BP exec grows impatient with France's slow-opening gas market

April 5, 2004
BP PLC is showing impatience at the slow opening of France's natural gas market. Newly named BP France Pres. Patrick Haas told a press conference last week that his company has taken an active part in the national debate on the opening of the gas market.

Doris Leblond
OGJ Correspondent

PARIS, Apr. 5 -- BP PLC is showing impatience at the slow opening of France's natural gas market. Newly named BP France Pres. Patrick Haas told a press conference last week that his company has taken an active part in the national debate on the opening of the gas market.

The company recently forwarded a set of "concrete" measures that will likely improve the flexibility in third-party access to the gas network as well as to other logistic infrastructures, such as LNG terminals and gas storage facilities, Haas said. These measures were sent to the network's various industry players and other concerned regulatory authorities.

In particular, BP is strongly advocating a substantial gas release program to bring more spot gas to a market limited by the long-term take-or-pay contracts which supply France through Gaz de France.
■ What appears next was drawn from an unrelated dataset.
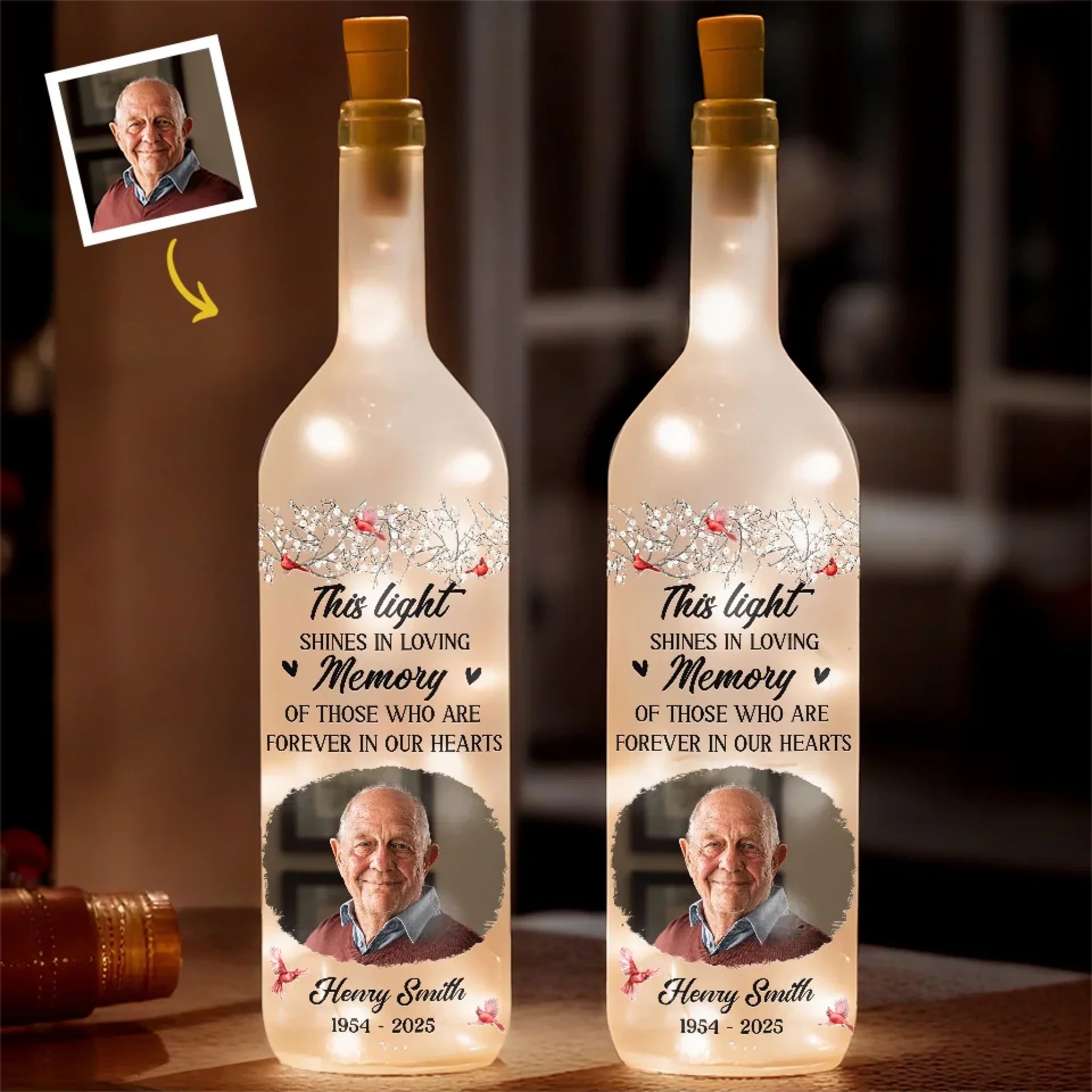 Custom Photo Time Passes, But Love Remains - Memorial Personalized Custom Bottle Lamp - Sympathy Gift For Family Members

Haas is lobbying for 15-20% of these natural gas supplies to be auctioned off to other operators in the form of 2- to 3-year, medium-term contracts. He said that BP must find ways of bridging the gap to 2007, when the southern part of France becomes open to competition as GDF and Total SA bring on stream a second LNG terminal at Fos Cavaou on the Mediterranean Sea.

So far only the northern part of France can be supplied with spot gas, which ensures a competitive opening of the market for the 1,200 eligible large gas-consuming clients. BP supplies very few sites in that area, and also is constrained by the fact that spot gas, since 2003, is much more expensive than the long-term contract gas as demand rises from the US, in particular, drying up the EU market.
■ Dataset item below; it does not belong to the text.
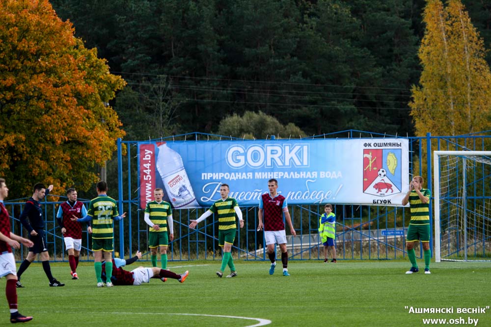 7 октября в Ошмянах прошел матч 23 тура чемпионата Республики Беларусь по футболу среди команд второй лиги. На стадионе физкультурно-оздоровительного комплекса встречались ФК «Ошмяны-БГУФК» и ФК «Спутник» (Речица).

In addition, access to the Fos-sur-Mer LNG terminal is expensive for small deliveries, and large deliveries would require access to GDF's storage facilities, which have not yet been organized.

"We cannot even supply with natural gas our Lavéra site in southern France," Haas complained. "We must still buy our gas from Gaz de France." He indicated that BP would willingly take a stake, jointly with GDF and Total, in the new and larger nearby Fos-Cavaou LNG terminal, which is due on stream in 2007.

BP also has an eye on the new gas import facility improvements—also due on stream in 2007—which will supply southern France. Facility upgrades call for the construction of a gas pipeline from Bilbao, Spain, to Lussagnet, France as well as the bolstering of capacity through the Lacal-Calahorra gas pipeline. This line, if joined to the Fos-Cavaou terminal, could open up the possibility of a Spain-to-France delivery system that could be used to import Algerian gas through a gas pipeline though Spain.

BP is all the more impatient to have access to "liberalized" natural gas as France's market is due to open on July 1 to 530,000 professional clients representing two-thirds of France's natural gas consumption.